[Data entries]
··········
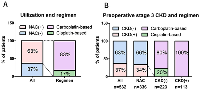 Except for age, there were no significant differences in preoperative patient characteristics between the Ctrl and NAC groups (Table 1). Most patients in the NAC group were administered with a carboplatin-based regimen (83%). The regimens in the NAC group were gemcitabine plus carboplatin (GCarbo) in 280 patients (83%), gemcitabine plus cisplatin (GCis) in 43 patients (13%), and others (MVAC; methotrexate, vinblastine, doxorubicin, and cisplatin or a docetaxel-based regimen) in 13 (3.9%) patients (Figure 2A). Of 532 patients, the number of patients presented with and without preoperative stage 3 chronic kidney disease (CKD) was 195 (37%) and 337 (63%), respectively. Among the patients with NAC, 223 of 336 (66%) did not present with stage 3 CKD. Of these 223 patients with NAC, who did not present with stage 3 CKD, 179 patients (80%) were administered with carboplatin-based regimens (Figure 2B). The number of patients treated in 1994-2004 and 2005-2016 were 134 (25%) and 398 (75%), respectively. The number of patients treated in 1994-2004 in the Ctrl and NAC groups were 120 (61%) and 14 (4.2%), respectively (P < 0.001). The number of patients who underwent postoperative chemotherapies for metastatic disease were significantly higher in the Ctrl group (n = 58, 30%) than in the those of NAC group (n = 61, 18%, P = 0.002).
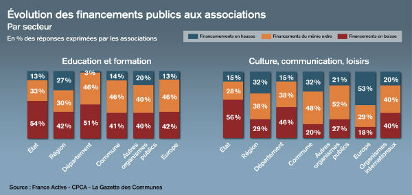 Réalisée en ligne entre septembre et novembre 2011 auprès de 877 associations, l’enquête met en évidence que 69 % des associations interrogées ont vu au moins un de leurs financements publics baisser. Sans surprise, les subventions de l’Etat sont les plus concernées, puisque 56 % des associations sont touchées. Mais les collectivités territoriales marquent aussi le pas : 35 % des associations sont impactées par une baisse.
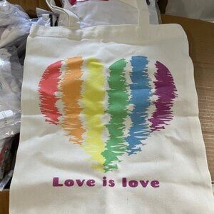 Love Is Love Rainbow Heart Tote Canvas Pride Bag LGBT Reusable Grocery 13x15 NWT
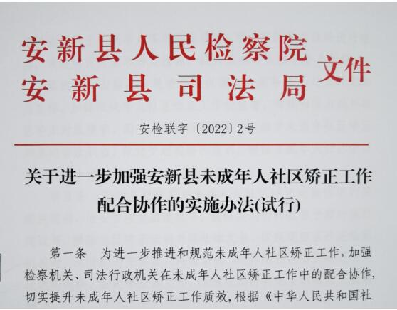 在高墻之外,未檢檢察官發(fā)現(xiàn)當(dāng)?shù)厣鐓^(qū)矯正機(jī)構(gòu)對(duì)未成年社區(qū)矯正對(duì)象未制定個(gè)性化矯正方案和針對(duì)性的矯正措施,且未按規(guī)定轉(zhuǎn)送法律文書、抄送調(diào)查評(píng)估報(bào)告和解除社區(qū)矯正證明書問題較為普遍。為此,安新縣檢察院向安新縣司法局發(fā)出檢察建議,與縣司法局專門召開進(jìn)一步規(guī)范未成年人社區(qū)矯正工作會(huì),推動(dòng)相關(guān)問題得到及時(shí)整改,并于2022年3月與縣司法局會(huì)簽了《關(guān)于進(jìn)一步加強(qiáng)安新縣未成年人社區(qū)矯正工作配合協(xié)作的實(shí)施辦法》,建立長(zhǎng)效監(jiān)督、配合與協(xié)作工作機(jī)制。
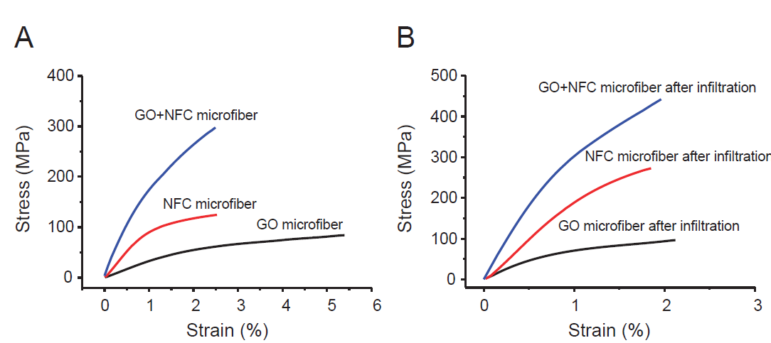 Figure 7A exhibits the typical stress-strain curves for tensile tests of GO microfibers, NFC microfibers, and GO-NFC hybrid microfibers. To improve the mechanical properties of our GO-NFC hybrid microfibers, we utilize metal ions (Ca2+) to introduce ionic bonding between the GO and the NFC by taking advantage of the oxygen and carboxylate groups from these two building blocks. We infiltrate the hybrid microfibers in a CaCl2 water solution in order to further improve the strength of the fibers. Figure 7B depicts the typical stress-strain curves for tensile tests of GO microfibers, NFC microfibers, and GO-NFC hybrid microfibers after metal ion infiltration. The synergistic effect of improving the mechanical properties of fibers is clearly demonstrated.
··········
Problem statement. What belongs in the answer is each line above, reproduced exactly, and no picture.

Response to the exercise.
 Except for age, there were no significant differences in preoperative patient characteristics between the Ctrl and NAC groups (Table 1). Most patients in the NAC group were administered with a carboplatin-based regimen (83%). The regimens in the NAC group were gemcitabine plus carboplatin (GCarbo) in 280 patients (83%), gemcitabine plus cisplatin (GCis) in 43 patients (13%), and others (MVAC; methotrexate, vinblastine, doxorubicin, and cisplatin or a docetaxel-based regimen) in 13 (3.9%) patients (Figure 2A). Of 532 patients, the number of patients presented with and without preoperative stage 3 chronic kidney disease (CKD) was 195 (37%) and 337 (63%), respectively. Among the patients with NAC, 223 of 336 (66%) did not present with stage 3 CKD. Of these 223 patients with NAC, who did not present with stage 3 CKD, 179 patients (80%) were administered with carboplatin-based regimens (Figure 2B). The number of patients treated in 1994-2004 and 2005-2016 were 134 (25%) and 398 (75%), respectively. The number of patients treated in 1994-2004 in the Ctrl and NAC groups were 120 (61%) and 14 (4.2%), respectively (P < 0.001). The number of patients who underwent postoperative chemotherapies for metastatic disease were significantly higher in the Ctrl group (n = 58, 30%) than in the those of NAC group (n = 61, 18%, P = 0.002).
 Réalisée en ligne entre septembre et novembre 2011 auprès de 877 associations, l’enquête met en évidence que 69 % des associations interrogées ont vu au moins un de leurs financements publics baisser. Sans surprise, les subventions de l’Etat sont les plus concernées, puisque 56 % des associations sont touchées. Mais les collectivités territoriales marquent aussi le pas : 35 % des associations sont impactées par une baisse.
 Love Is Love Rainbow Heart Tote Canvas Pride Bag LGBT Reusable Grocery 13x15 NWT
 在高墻之外,未檢檢察官發(fā)現(xiàn)當(dāng)?shù)厣鐓^(qū)矯正機(jī)構(gòu)對(duì)未成年社區(qū)矯正對(duì)象未制定個(gè)性化矯正方案和針對(duì)性的矯正措施,且未按規(guī)定轉(zhuǎn)送法律文書、抄送調(diào)查評(píng)估報(bào)告和解除社區(qū)矯正證明書問題較為普遍。為此,安新縣檢察院向安新縣司法局發(fā)出檢察建議,與縣司法局專門召開進(jìn)一步規(guī)范未成年人社區(qū)矯正工作會(huì),推動(dòng)相關(guān)問題得到及時(shí)整改,并于2022年3月與縣司法局會(huì)簽了《關(guān)于進(jìn)一步加強(qiáng)安新縣未成年人社區(qū)矯正工作配合協(xié)作的實(shí)施辦法》,建立長(zhǎng)效監(jiān)督、配合與協(xié)作工作機(jī)制。
 Figure 7A exhibits the typical stress-strain curves for tensile tests of GO microfibers, NFC microfibers, and GO-NFC hybrid microfibers. To improve the mechanical properties of our GO-NFC hybrid microfibers, we utilize metal ions (Ca2+) to introduce ionic bonding between the GO and the NFC by taking advantage of the oxygen and carboxylate groups from these two building blocks. We infiltrate the hybrid microfibers in a CaCl2 water solution in order to further improve the strength of the fibers. Figure 7B depicts the typical stress-strain curves for tensile tests of GO microfibers, NFC microfibers, and GO-NFC hybrid microfibers after metal ion infiltration. The synergistic effect of improving the mechanical properties of fibers is clearly demonstrated.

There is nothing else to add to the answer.